_Exercise materials_
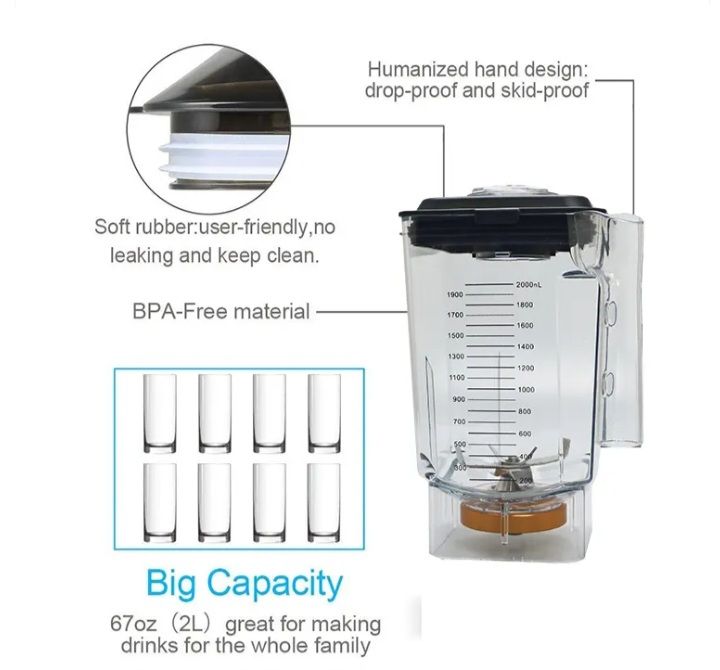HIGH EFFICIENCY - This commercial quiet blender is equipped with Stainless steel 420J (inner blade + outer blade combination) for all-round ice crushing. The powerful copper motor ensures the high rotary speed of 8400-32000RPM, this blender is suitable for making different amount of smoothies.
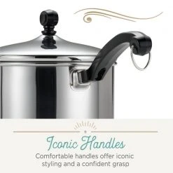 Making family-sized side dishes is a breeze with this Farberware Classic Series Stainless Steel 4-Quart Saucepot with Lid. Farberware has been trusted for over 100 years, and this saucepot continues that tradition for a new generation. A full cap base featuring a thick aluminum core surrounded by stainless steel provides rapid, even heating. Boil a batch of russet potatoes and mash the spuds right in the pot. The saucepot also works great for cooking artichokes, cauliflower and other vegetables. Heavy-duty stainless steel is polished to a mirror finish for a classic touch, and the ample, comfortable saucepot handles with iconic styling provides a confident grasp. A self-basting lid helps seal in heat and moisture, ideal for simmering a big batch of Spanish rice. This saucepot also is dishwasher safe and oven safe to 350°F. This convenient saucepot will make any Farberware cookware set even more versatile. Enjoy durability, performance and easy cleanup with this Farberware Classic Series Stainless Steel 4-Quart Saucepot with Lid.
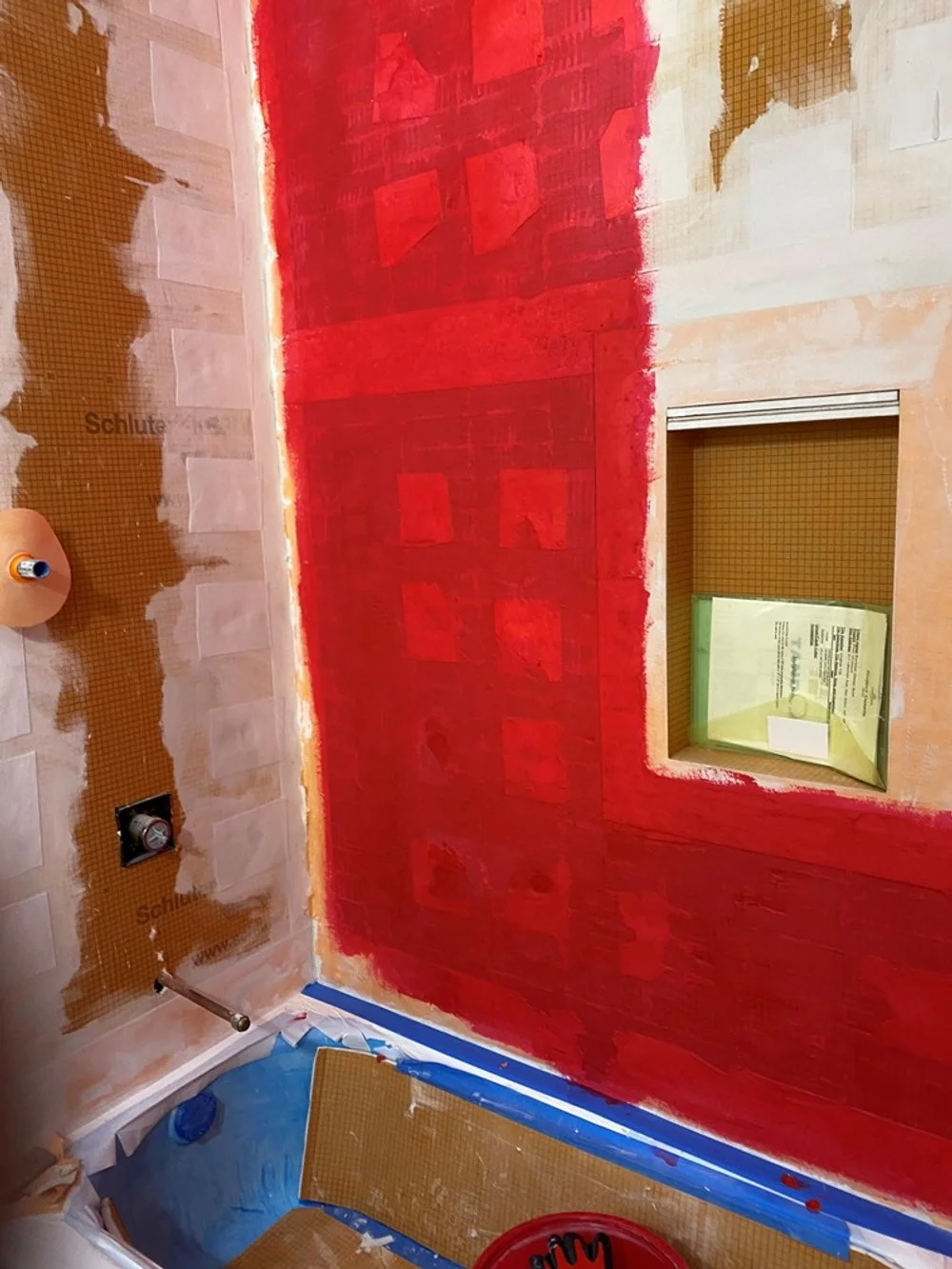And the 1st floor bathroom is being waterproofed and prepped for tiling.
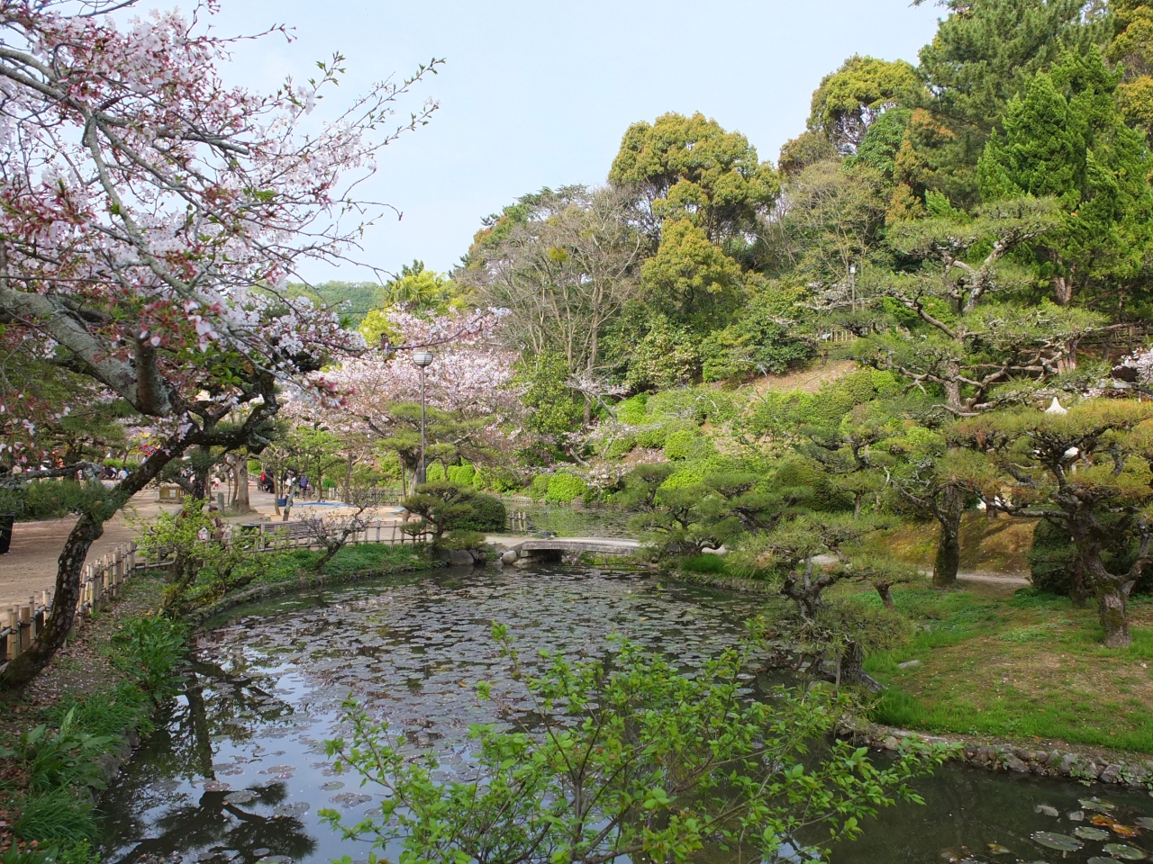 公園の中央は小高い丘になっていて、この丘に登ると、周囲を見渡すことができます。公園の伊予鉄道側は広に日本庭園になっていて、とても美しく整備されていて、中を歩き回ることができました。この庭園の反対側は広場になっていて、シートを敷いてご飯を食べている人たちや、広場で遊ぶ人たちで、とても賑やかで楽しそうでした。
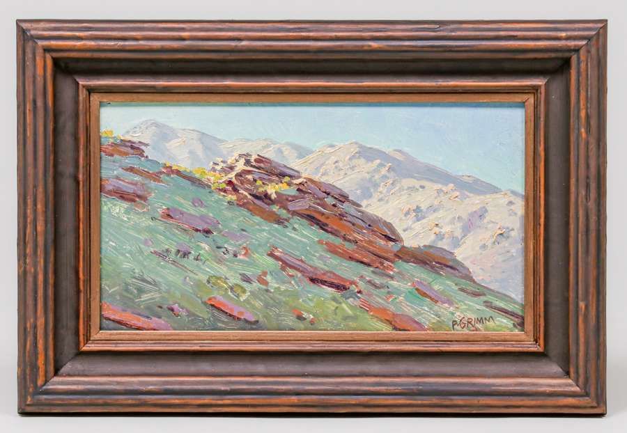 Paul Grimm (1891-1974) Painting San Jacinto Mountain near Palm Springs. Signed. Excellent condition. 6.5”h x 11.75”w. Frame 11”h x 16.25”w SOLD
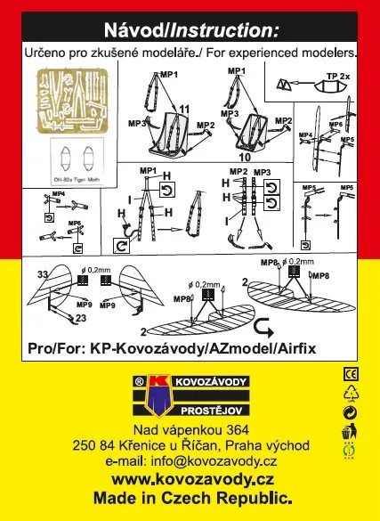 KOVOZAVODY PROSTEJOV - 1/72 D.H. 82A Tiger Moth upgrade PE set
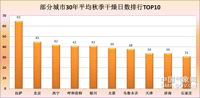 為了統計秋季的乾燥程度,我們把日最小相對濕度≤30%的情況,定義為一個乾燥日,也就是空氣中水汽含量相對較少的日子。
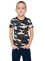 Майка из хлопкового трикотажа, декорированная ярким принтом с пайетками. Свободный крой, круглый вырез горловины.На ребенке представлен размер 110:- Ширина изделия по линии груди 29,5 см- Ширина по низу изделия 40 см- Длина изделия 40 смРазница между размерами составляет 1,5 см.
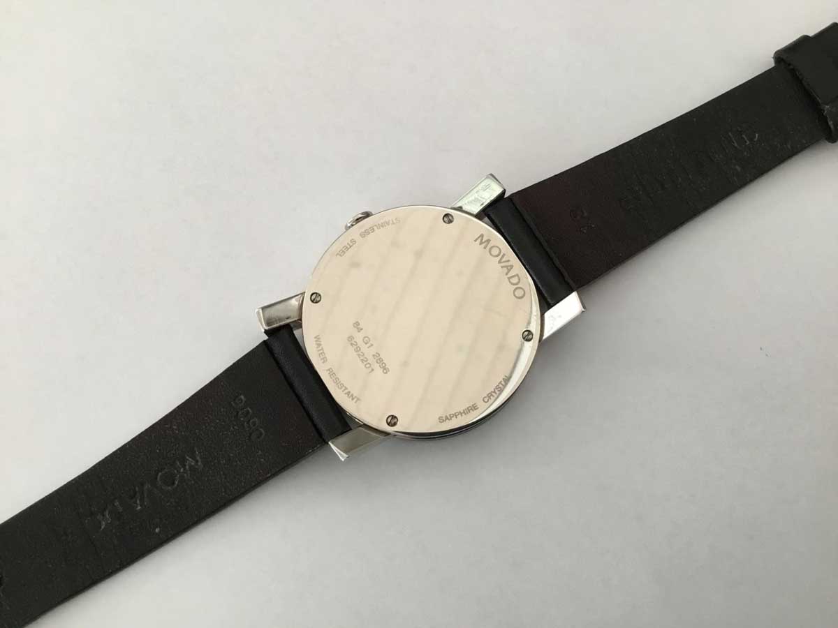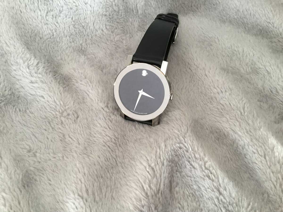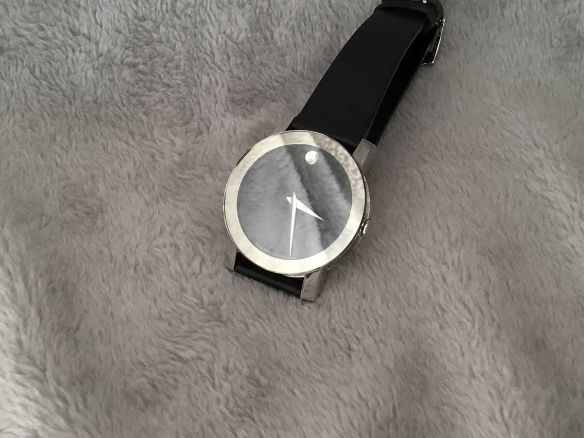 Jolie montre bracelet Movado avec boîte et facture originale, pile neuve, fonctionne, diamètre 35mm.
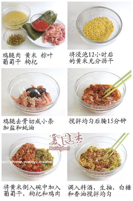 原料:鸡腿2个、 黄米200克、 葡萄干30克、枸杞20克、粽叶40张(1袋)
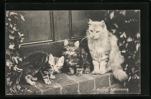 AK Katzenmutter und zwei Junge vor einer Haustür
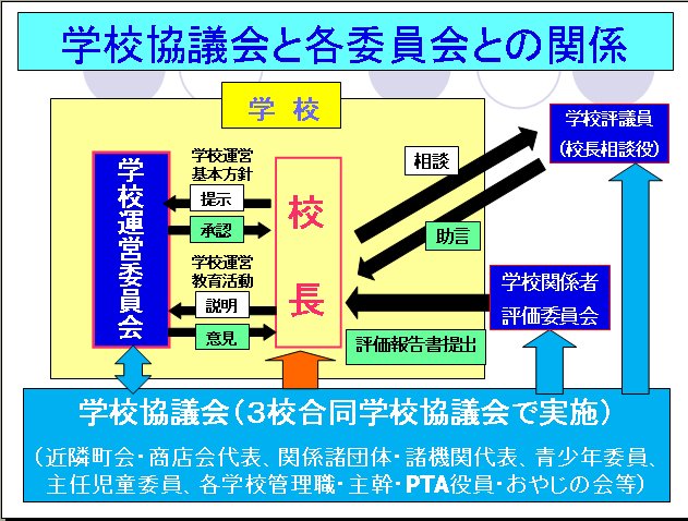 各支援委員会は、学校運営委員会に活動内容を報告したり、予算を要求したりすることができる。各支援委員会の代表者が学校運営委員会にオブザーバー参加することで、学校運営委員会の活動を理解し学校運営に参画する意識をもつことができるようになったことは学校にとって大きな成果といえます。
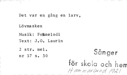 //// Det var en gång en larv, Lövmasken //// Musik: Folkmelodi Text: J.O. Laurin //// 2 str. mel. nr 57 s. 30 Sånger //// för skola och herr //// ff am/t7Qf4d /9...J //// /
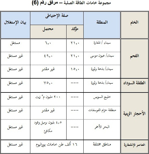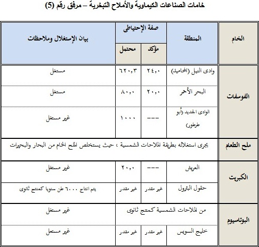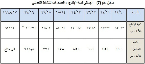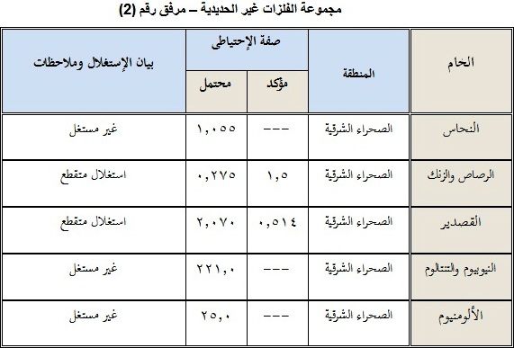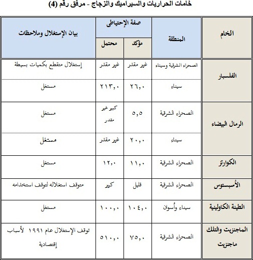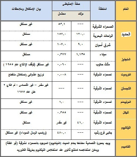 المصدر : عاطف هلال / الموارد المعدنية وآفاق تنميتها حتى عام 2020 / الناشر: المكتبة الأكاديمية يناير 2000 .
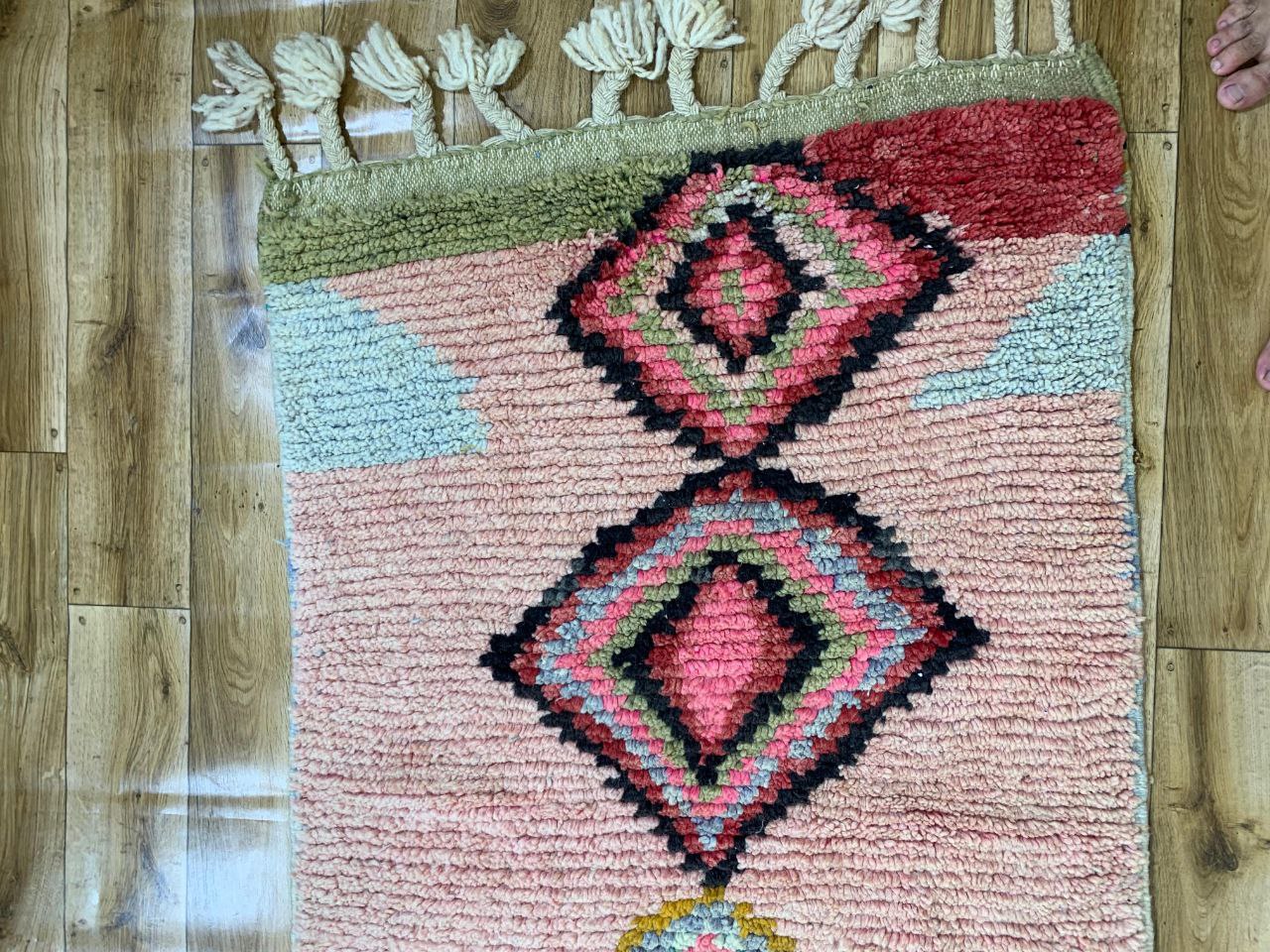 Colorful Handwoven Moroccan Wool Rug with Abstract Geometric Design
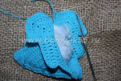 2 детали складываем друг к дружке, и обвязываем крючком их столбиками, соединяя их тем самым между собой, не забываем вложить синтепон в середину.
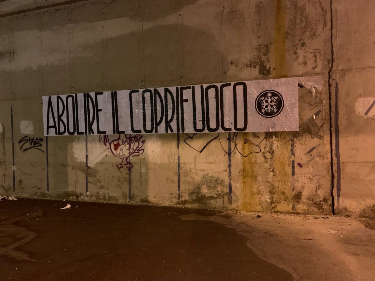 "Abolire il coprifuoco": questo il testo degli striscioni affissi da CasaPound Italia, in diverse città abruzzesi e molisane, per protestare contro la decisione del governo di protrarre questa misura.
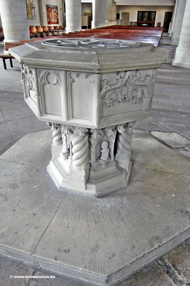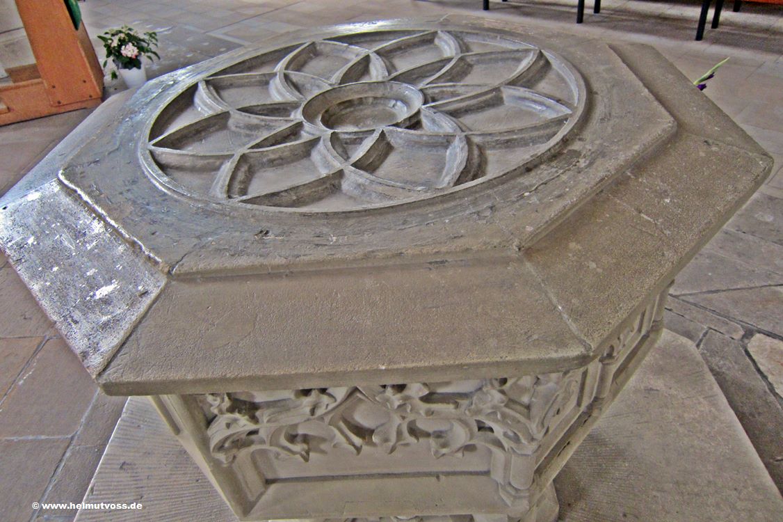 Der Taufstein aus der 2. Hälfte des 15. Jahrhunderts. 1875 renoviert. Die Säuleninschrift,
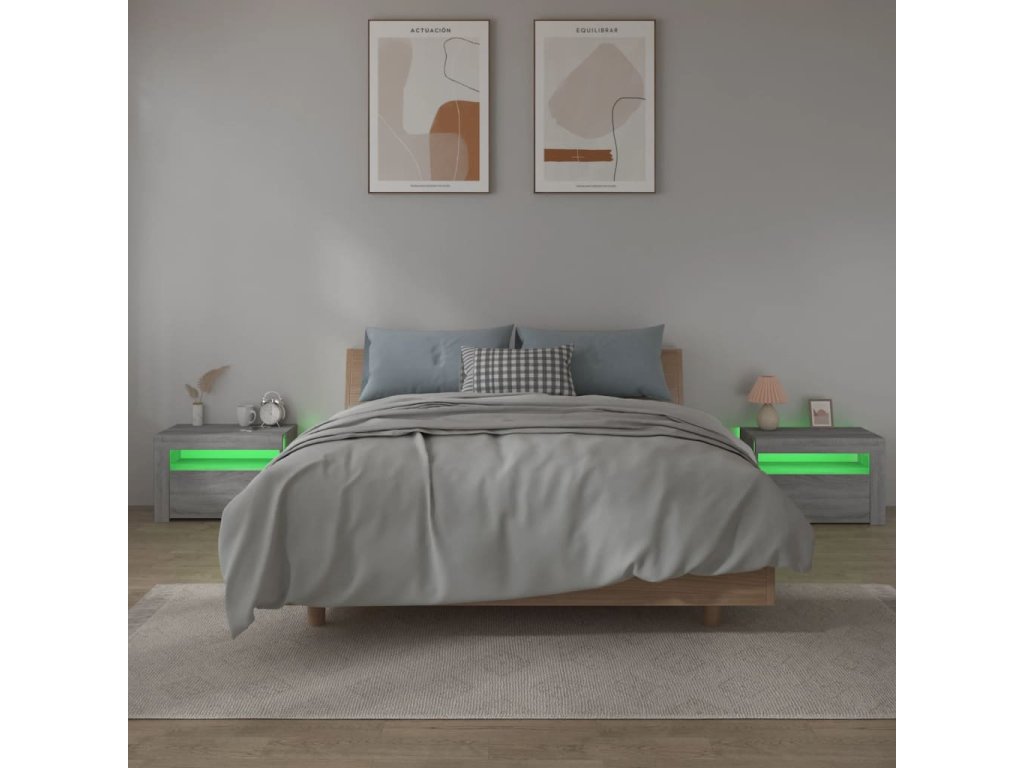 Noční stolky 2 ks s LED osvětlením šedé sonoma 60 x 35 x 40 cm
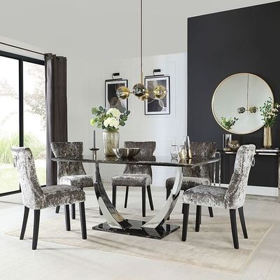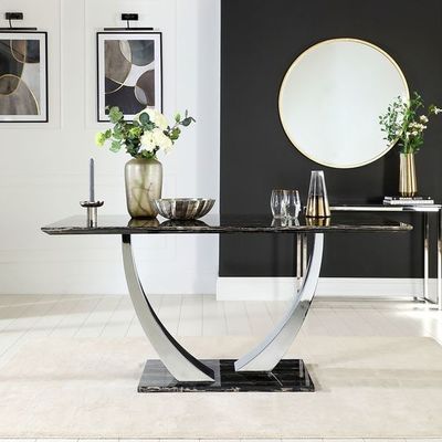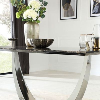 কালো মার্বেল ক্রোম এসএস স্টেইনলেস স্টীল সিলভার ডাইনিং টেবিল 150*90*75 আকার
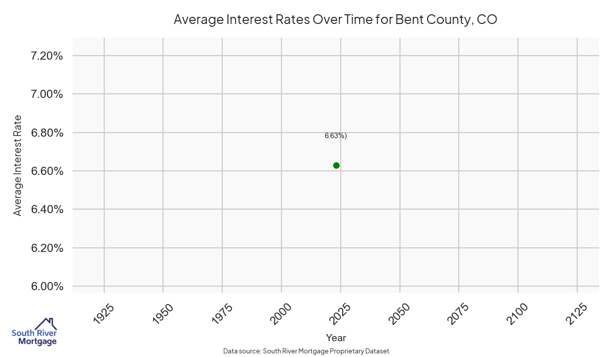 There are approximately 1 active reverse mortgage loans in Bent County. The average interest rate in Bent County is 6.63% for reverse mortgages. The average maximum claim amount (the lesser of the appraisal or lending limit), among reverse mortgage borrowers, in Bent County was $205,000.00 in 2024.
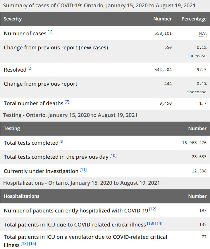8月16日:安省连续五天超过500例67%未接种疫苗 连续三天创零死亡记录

_Your goal_
From the records above, copy exactly the lines starting at the one with "公園の中央は小高い丘になって" and ending at the one with "AK Katzenmutter und", and no others. Pictures stay out.

_Task answer_
 公園の中央は小高い丘になっていて、この丘に登ると、周囲を見渡すことができます。公園の伊予鉄道側は広に日本庭園になっていて、とても美しく整備されていて、中を歩き回ることができました。この庭園の反対側は広場になっていて、シートを敷いてご飯を食べている人たちや、広場で遊ぶ人たちで、とても賑やかで楽しそうでした。
 Paul Grimm (1891-1974) Painting San Jacinto Mountain near Palm Springs. Signed. Excellent condition. 6.5”h x 11.75”w. Frame 11”h x 16.25”w SOLD
 KOVOZAVODY PROSTEJOV - 1/72 D.H. 82A Tiger Moth upgrade PE set
 為了統計秋季的乾燥程度,我們把日最小相對濕度≤30%的情況,定義為一個乾燥日,也就是空氣中水汽含量相對較少的日子。
 Майка из хлопкового трикотажа, декорированная ярким принтом с пайетками. Свободный крой, круглый вырез горловины.На ребенке представлен размер 110:- Ширина изделия по линии груди 29,5 см- Ширина по низу изделия 40 см- Длина изделия 40 смРазница между размерами составляет 1,5 см.
 Jolie montre bracelet Movado avec boîte et facture originale, pile neuve, fonctionne, diamètre 35mm.
 原料:鸡腿2个、 黄米200克、 葡萄干30克、枸杞20克、粽叶40张(1袋)
 AK Katzenmutter und zwei Junge vor einer Haustür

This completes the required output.